Franco, the recently elected councilwoman, wants today's activism to help bring more black Brazilians into positions of power. "In order to become a mass movement, black people need to realize that we have the right to exist in TV shows, in politics, on school boards," she says. "We're not there yet."

They've been getting some inspiration from overseas. In July, a delegation from America's Black Lives Matter movement visited black Brazilian activists in Rio to strategize. Bishop John Selders, a Black Lives Matter activist who was part of the delegation, says one of the biggest challenges for both countries is countering prevailing views that deny racial discrimination remains widespread. "We have mounted a resistance movement to a national myth," says Selders. "In America, that myth is meritocracy—that if you work hard you can be anyone you want to be."

Like Black Lives Matter, a group of Rio and São Paulo–based activist collectives plans to release a list of policy demands in coming weeks. So far, the activists have increasingly focused on police homicides of black youth. The authorities were responsible for 16 percent of the killings in Rio over the last five years, and from 2010 to 2013, 79 percent of those victims were black, according to Amnesty International. Though many of these killings happened while the Worker's Party was in office, the Rousseff administration had proposed to decrease homicides through targeted police retraining and monitoring, plans that Temer's government has now discarded.

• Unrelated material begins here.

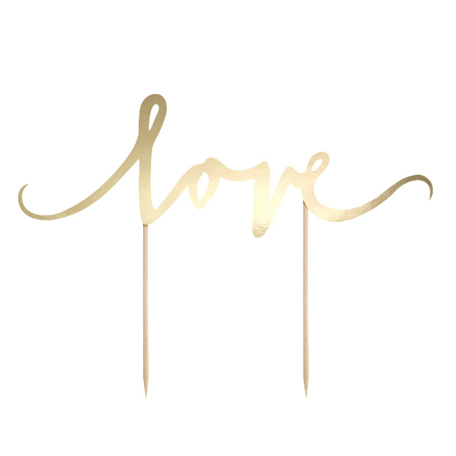 Peça decorativa formada pela palavra love em cor dourada e dois espetos que ajudarão a incorporar o produto no bolo ou noutra base.
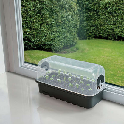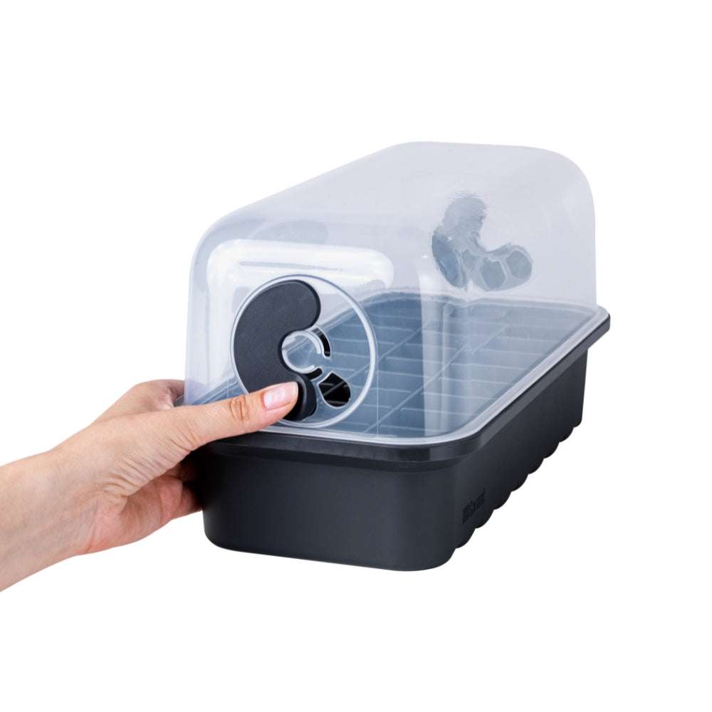 Doté d'un dôme avec système d'aération, il permet de contrôler l'humidité, assurant ainsi une germination plus rapide et efficace de vos semis. Il suffit de fermer les orifices à l'aide de la roulette sur le côté pour offrir plus d'humidité. Au fur et à mesure que les plants grandissent, vous pouvez augmenter la circulation d'air en tournant la roulette. Simple, mais ingénieux.

Most of those deaths were in the city's favelas, which have been heavily militarized in an attempt to take back entire neighborhoods from powerful drug traffickers. Critics say this approach does not address the poverty at the root of drug-related crime. Nor does it prevent innocent people from being caught in the crossfire.

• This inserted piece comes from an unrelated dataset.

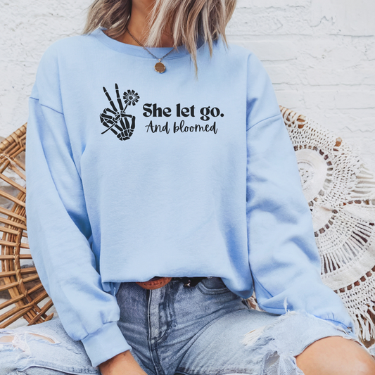She Let Go And Bloomed Sweatshirt | Inspirational Graphic Crewneck

In May 2014, Ana Paula Oliveira's 19-year-son, Johnatha, was shot in the back by a police officer who fired to disperse a crowd of teenagers after tense exchanges between the authorities and locals; Johnatha was on his way back from delivering cake to his grandmother. Brazil's Public Prosecution Service opened investigations into the officer involved in the shooting in August 2014, according to an Amnesty International report; a judge's verdict is now due. "Johnatha was so full of life. He had so much promise," says Oliveira, who has joined a group of mothers turned activists who advocate for police reforms. "But when you're black in Brazil, you're seen as nothing but a criminal."

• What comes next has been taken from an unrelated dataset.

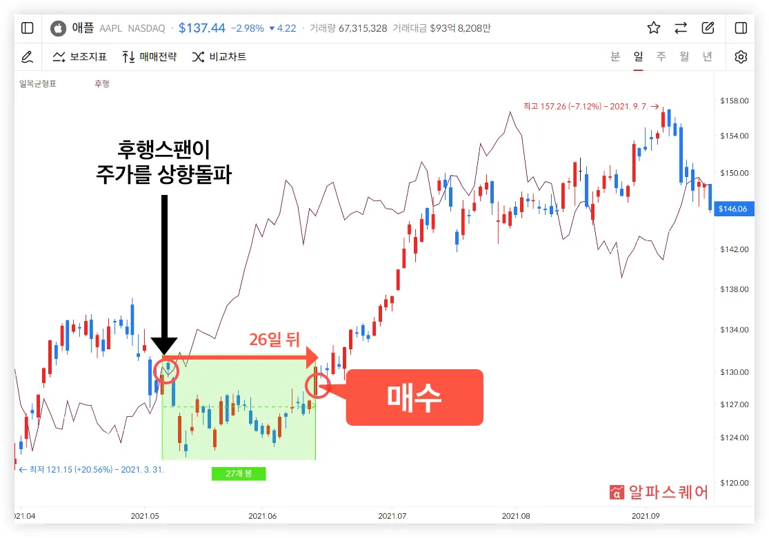 후행스팬과 과거 주가의 교차와 이격을 매매에 활용할 수 있다.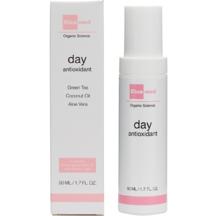 Cicamed Day Antioxidant är en antiage-dagkräm som återfuktar huden och ger en fin, naturlig lyster. Cicamed Day innehåller skyddande antioxidanter, naturliga fuktgivare samt ekologiskt sheasmör, jojobaolja och kokosolja.

Yet many young black Brazilians remain hopeful about the momentum they are building. And they're inspired by leaders such as Franco. Eighteen-year-old activist Sabrina Martina works with a group of local journalists and artists in Rio's Alemão favelas, making music and producing documentaries to battle the stereotype that their neighborhoods are home only to dangerous criminals. She thinks Brazil's black rights movement can stay strong even with a government less sympathetic to their cause. "We battled to get everything we've achieved until now," she says. "This [political and economic] crisis will shake some people, but it isn't going to stop us. Giving up is not an option."

Reporting for this story was supported by the GroundTruth Project, a nonprofit media organization dedicated to social justice reporting.

Correction: The print version of this piece incorrectly listed the names of those imprisoned for black activism during Brazil's dictatorship and the range of dates during which 79 percent of victims of Rio police killings were black.